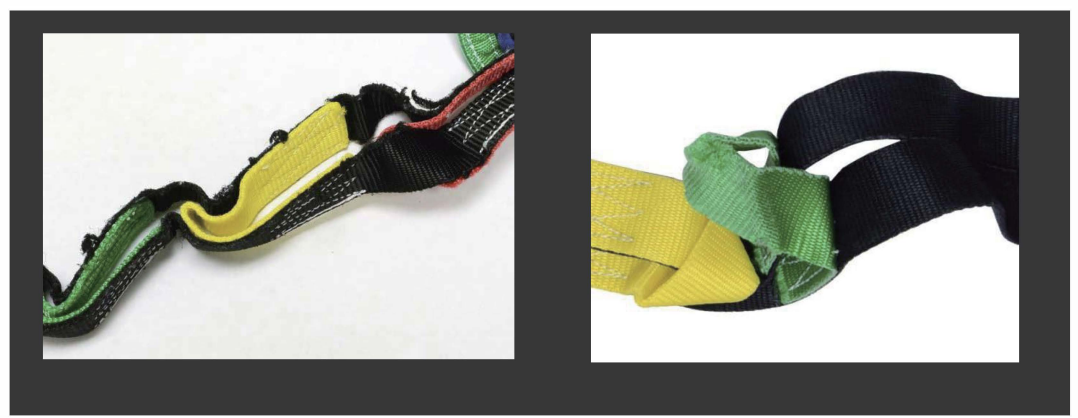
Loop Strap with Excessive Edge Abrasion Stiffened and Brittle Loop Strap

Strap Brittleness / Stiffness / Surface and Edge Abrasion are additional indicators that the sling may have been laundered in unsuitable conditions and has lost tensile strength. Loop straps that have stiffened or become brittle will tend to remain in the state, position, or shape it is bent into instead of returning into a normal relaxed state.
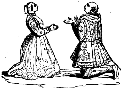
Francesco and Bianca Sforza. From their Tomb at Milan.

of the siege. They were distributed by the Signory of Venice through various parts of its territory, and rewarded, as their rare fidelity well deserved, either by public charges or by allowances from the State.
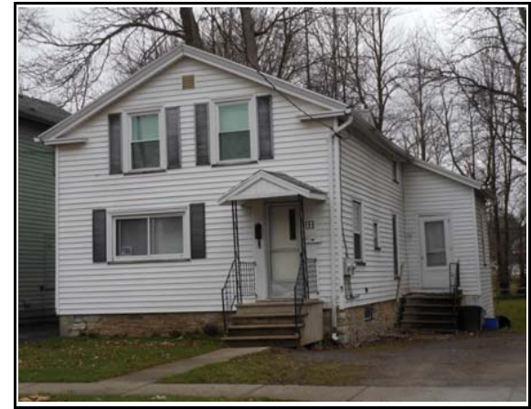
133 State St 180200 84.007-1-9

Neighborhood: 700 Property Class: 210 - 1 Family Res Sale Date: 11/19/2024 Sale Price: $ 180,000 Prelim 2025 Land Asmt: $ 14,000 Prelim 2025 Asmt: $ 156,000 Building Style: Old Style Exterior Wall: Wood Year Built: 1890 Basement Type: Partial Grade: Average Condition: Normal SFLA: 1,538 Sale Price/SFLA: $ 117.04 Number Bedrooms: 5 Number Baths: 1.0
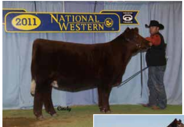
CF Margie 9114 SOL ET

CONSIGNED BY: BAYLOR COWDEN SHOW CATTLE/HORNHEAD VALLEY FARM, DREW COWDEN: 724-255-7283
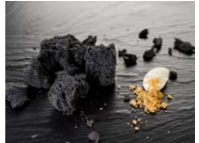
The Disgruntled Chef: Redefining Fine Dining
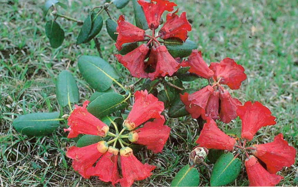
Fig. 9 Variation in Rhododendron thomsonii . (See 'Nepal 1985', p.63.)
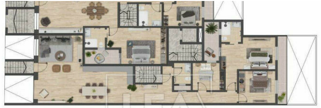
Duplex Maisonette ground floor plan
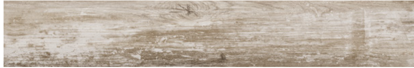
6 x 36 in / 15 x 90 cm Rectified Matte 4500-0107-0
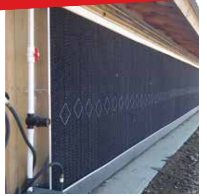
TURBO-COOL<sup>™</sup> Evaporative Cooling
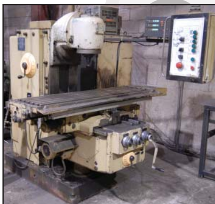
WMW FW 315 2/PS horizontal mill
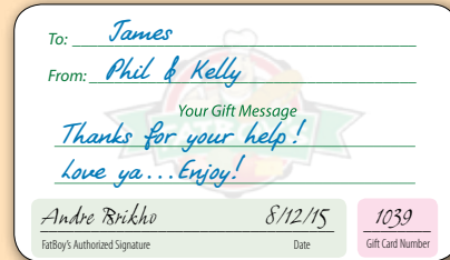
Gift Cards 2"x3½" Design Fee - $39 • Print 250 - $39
□ □ □
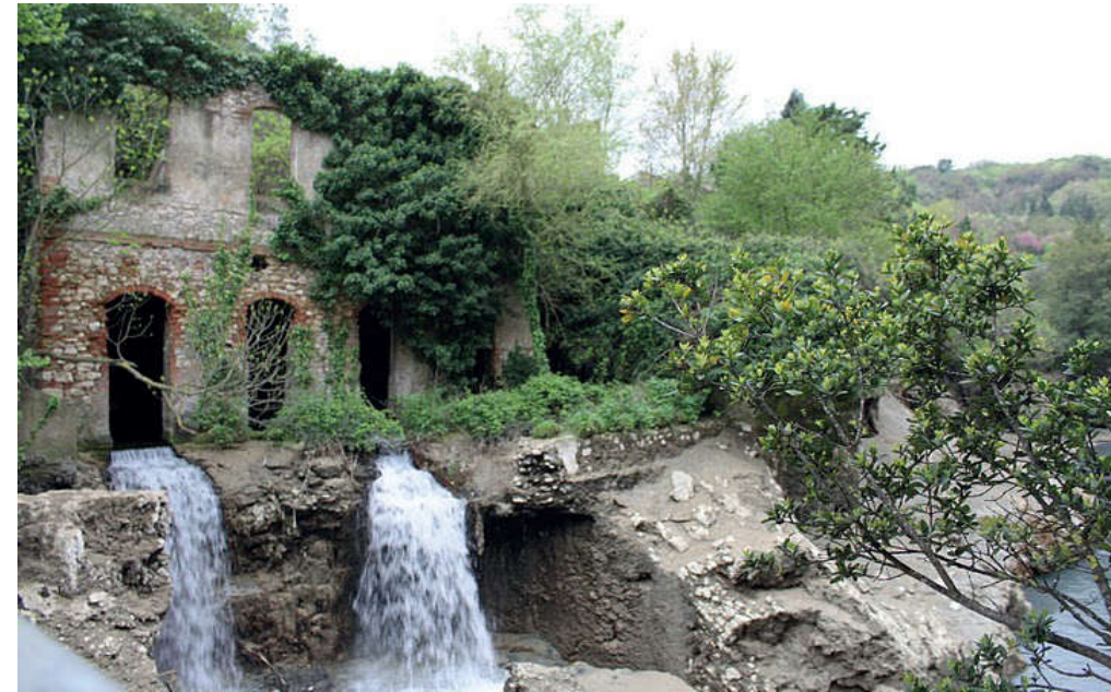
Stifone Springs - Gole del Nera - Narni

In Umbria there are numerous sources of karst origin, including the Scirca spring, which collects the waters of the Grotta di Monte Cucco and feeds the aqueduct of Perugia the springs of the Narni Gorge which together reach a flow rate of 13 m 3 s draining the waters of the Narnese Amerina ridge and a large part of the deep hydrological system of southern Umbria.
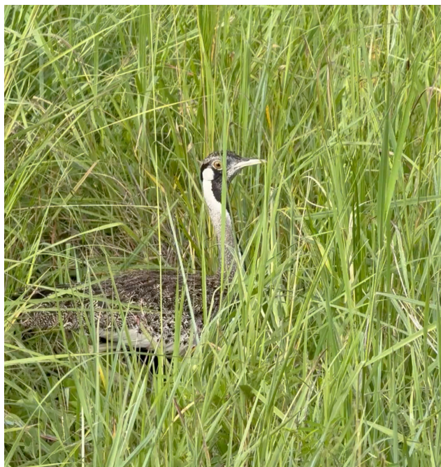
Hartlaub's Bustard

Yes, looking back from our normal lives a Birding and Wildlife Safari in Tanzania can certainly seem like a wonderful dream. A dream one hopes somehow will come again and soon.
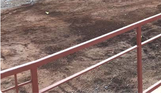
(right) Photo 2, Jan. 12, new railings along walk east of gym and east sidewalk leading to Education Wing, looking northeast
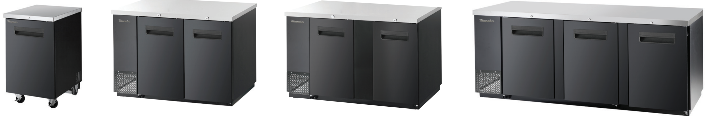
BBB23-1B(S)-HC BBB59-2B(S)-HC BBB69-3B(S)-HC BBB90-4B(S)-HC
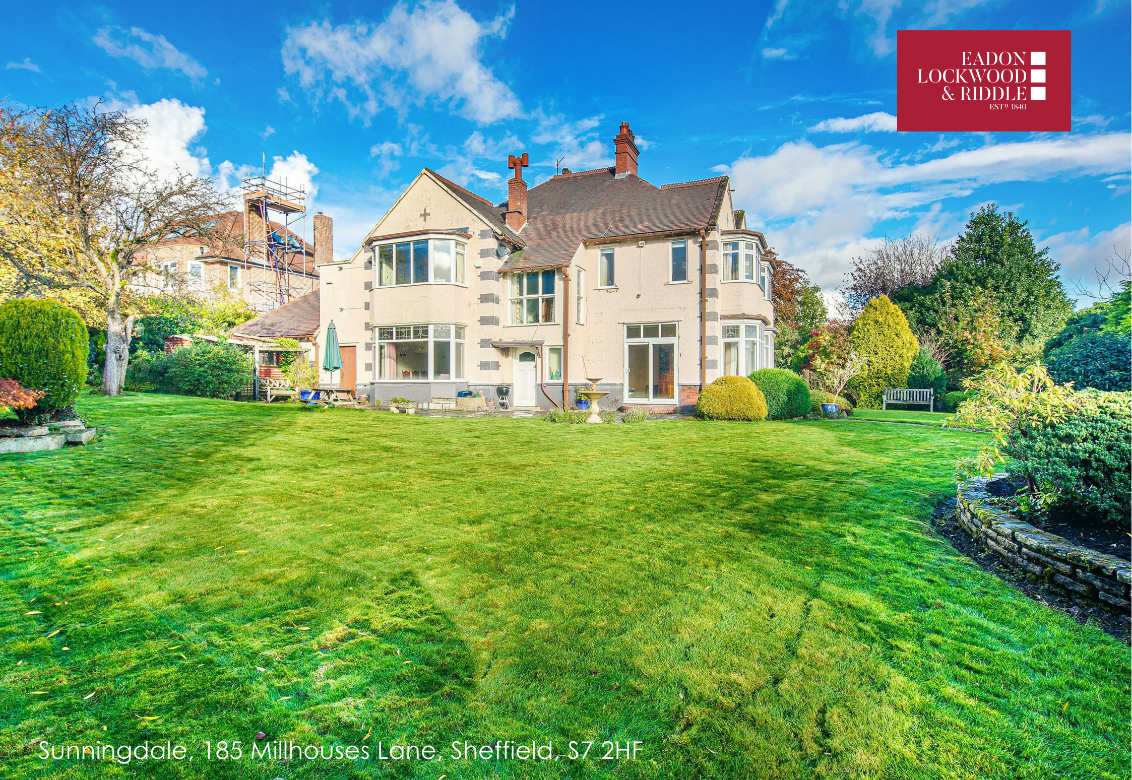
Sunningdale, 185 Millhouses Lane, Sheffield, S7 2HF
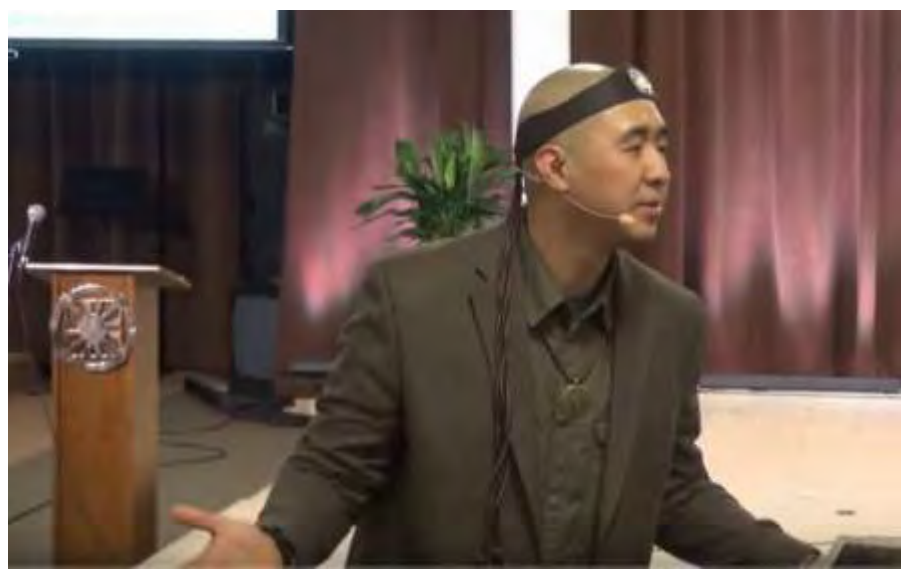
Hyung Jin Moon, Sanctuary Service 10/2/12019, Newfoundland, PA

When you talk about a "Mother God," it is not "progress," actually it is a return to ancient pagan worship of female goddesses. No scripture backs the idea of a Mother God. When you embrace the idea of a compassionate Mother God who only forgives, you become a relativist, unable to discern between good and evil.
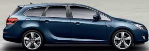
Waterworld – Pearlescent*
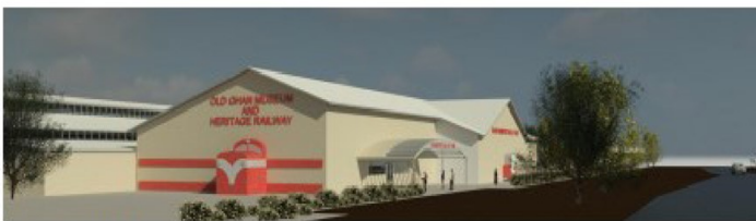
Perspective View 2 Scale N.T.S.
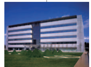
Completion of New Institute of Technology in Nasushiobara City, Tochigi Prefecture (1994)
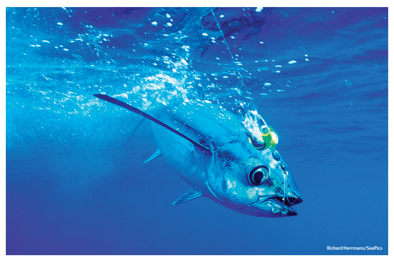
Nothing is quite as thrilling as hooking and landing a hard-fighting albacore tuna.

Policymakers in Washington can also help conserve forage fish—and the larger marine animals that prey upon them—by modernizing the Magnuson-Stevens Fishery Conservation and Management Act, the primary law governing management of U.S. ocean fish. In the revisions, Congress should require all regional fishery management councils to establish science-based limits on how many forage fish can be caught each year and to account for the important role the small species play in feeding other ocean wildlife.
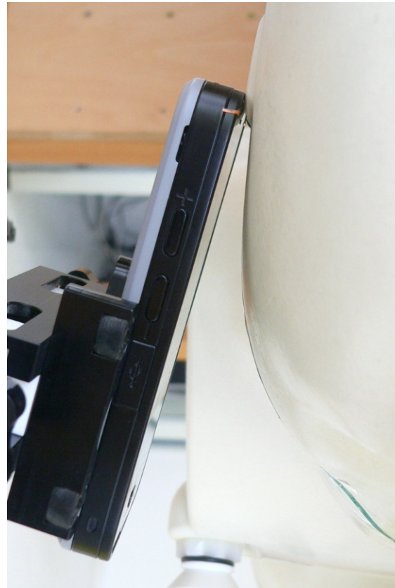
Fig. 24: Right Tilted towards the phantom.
□ □ □
#### [Problem to work on]
Search the entries above for the word "become" and copy each line where it appears.

#### [Solution to this exercise]
Strap Brittleness / Stiffness / Surface and Edge Abrasion are additional indicators that the sling may have been laundered in unsuitable conditions and has lost tensile strength. Loop straps that have stiffened or become brittle will tend to remain in the state, position, or shape it is bent into instead of returning into a normal relaxed state.
When you talk about a "Mother God," it is not "progress," actually it is a return to ancient pagan worship of female goddesses. No scripture backs the idea of a Mother God. When you embrace the idea of a compassionate Mother God who only forgives, you become a relativist, unable to discern between good and evil.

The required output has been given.